Kudo Eiichi - Samurai Revolution Trilogy (1963 - 1966)

Obviously, there will be tons of people with swords

Director: Kudo Eiichi
Writers: Ikegami Kaneo, Kunihiro Takeo, Suzuki Norifumi, Matsudaira Norimichi
Date: 1963, 1964, 1966

Genre: Chambara, Jidaigeki
Description: Dudes go assassinating, evil politicians, cruel lords, justice beyond the law, revenge

– Kataoka Chiezo, Nishimura Ko, Uchida Ryohei, Arashi Kanjuro, Satomi Kotaro, cameo by Tamba Tetsuro, Natsuyagi Isao, etc.
– Satomi Kotaro, Kawarasaki Choichiro, Hira Mikijiro, Inaba Yoshio, Yamamoto Rinichi, Munakata Nami, Ohki Minoru, Osaka Shiro, Abe Toru, Otomo Ryutaro, Kato Go, Kataoka Chiezo
– Natsuyagi Isao, Satomi Kotaro, Nambara Koji, Sato Kei, Suga Kantaro, Nishimura Ko, Otomo Ryutaro, etc.

Crew of note: Music by Ifukube Akira.

Runtime: 125 mins + 119 mins + 95 mins = 339 mins or 5 hours and 39 minutes.
Color: Black and White

Three different assholes, three different assassinations. Though the three films are similar in their main premise (be a jerk official and there’ll be some assassinatin’), there are variations on the theme.

In Juusan-nin no shikaku, the Shogun’s younger brother, Lord of the Akashi clan, rapes a woman and kills her and her husband over the affair. It becomes quite clear in the first 5 minutes that the lord is rotten and foul, and to save Japan from his rule, 13 samurai take it upon themselves to rid the world of this menace.

In the next film, Lord Yutanokami Sakai is pretty much your average politician, and by that I mean he was trying to set up a puppet shogunate with himself as ultimate mastermind, a.k.a. the “regent”, by influencing the choice of the shogun’s successor to some obscure relative whom he had sway over. Of course, this pisses off a bunch of “rightful” samurai, who swear to stop the plot.

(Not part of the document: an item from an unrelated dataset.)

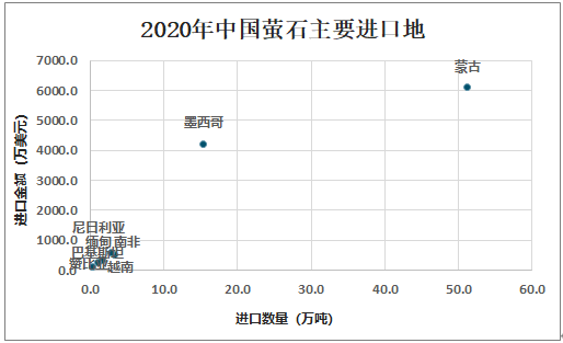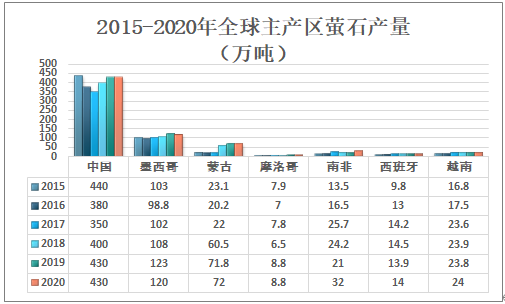 中國是全球最大的螢石產區(qū),2020年中國螢石產量為430萬噸;其次為墨西哥,螢石產量為120萬噸;蒙古螢石產量為72萬噸,南非螢石產量為32萬噸,越南螢石產量為24萬噸。
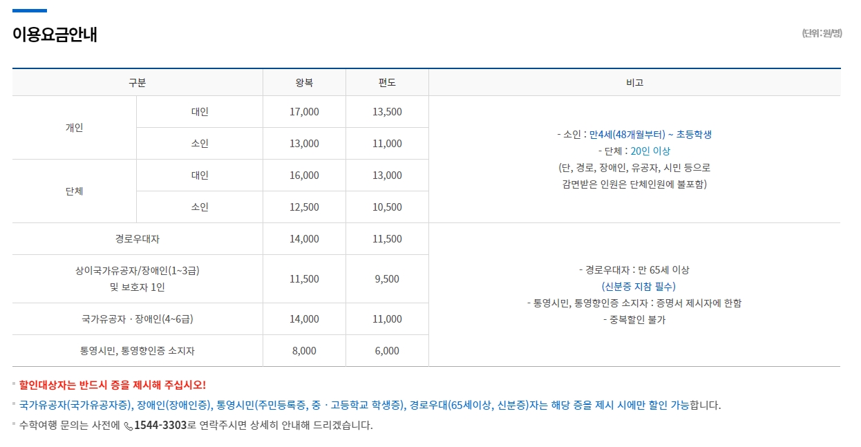 이용 요금은 생각보다 다양해요. 대인 기준으로 왕복은 17,000원이고, 아이들은 13,000원이에요. 만약 친구들이나 가족들 여럿이서 가는 단체라면 20명 이상이면 할인도 받을 수 있고요. 또, 어르신이나 국가유공자, 장애인분들, 통영시민분들에게는 조금 더 저렴하게 이용할 수 있는 특별한 혜택이 준비되어 있어요. 모두가 편하게 즐길 수 있게 배려하는 마음, 정말 따뜻하지 않나요?

Finally, in the last film, we get a straight-up revenge story. Lord Noriatsu is an asshole (I think it’s clear all the villains here are), who trespasses on Oishi territory killing a wandering peasant while on a deer hunt. Lord Abe of Oishi spots the madman and scolds him, warning him to go back to his own land before things get messy. Being the asshole that he is, Noriatsu sends an arrow into Abe’s head, striking him dead. Obviously, his vassals want revenge.

Natsuyagi Isao

Natsuyagi Isao. I assume this is the third film. I.. honestly don't remember anymore?

Kudo Eiichi sadly didn’t have much sway over the studios, unlike his more famous contemporaries. Aside from TV work, he was pretty much stuck with doing studio-assigned jobs with about as much freedom as an Economy class airplane seat. Which is, really, very unfortunate because the three films now remembered as his “Samurai Revolution Trilogy” are some of the most beautifully shot chambara out there.

Of course, you’re probably more interested in the action, and oh boy, this one really satisfies your bloodlust, although a majority of the goodness is crammed in the ends. Most of the films follow a similar outline, and make it necessary that we understand, somehow, what the assassination is about and how they’re going to do it. The planning process is half the battle, and the movie dedicates as much time in following the assassins on their preparations for the epic showdowns. It’s a cruel, cruel world, and Kudo’s heroes are equally subject to man’s faults and weaknesses. In fact, despite on a quest for justice, many of the protagonists might as well be as bad as their intended victims. The second movie is the darkest, bleakest of the three portraying the good guys as.. well, not very good at all. This surprisingly makes the story even more interesting, and the conclusion even more satisfying.

Ju-ichinin no samurai / Eleven Samurai (1966)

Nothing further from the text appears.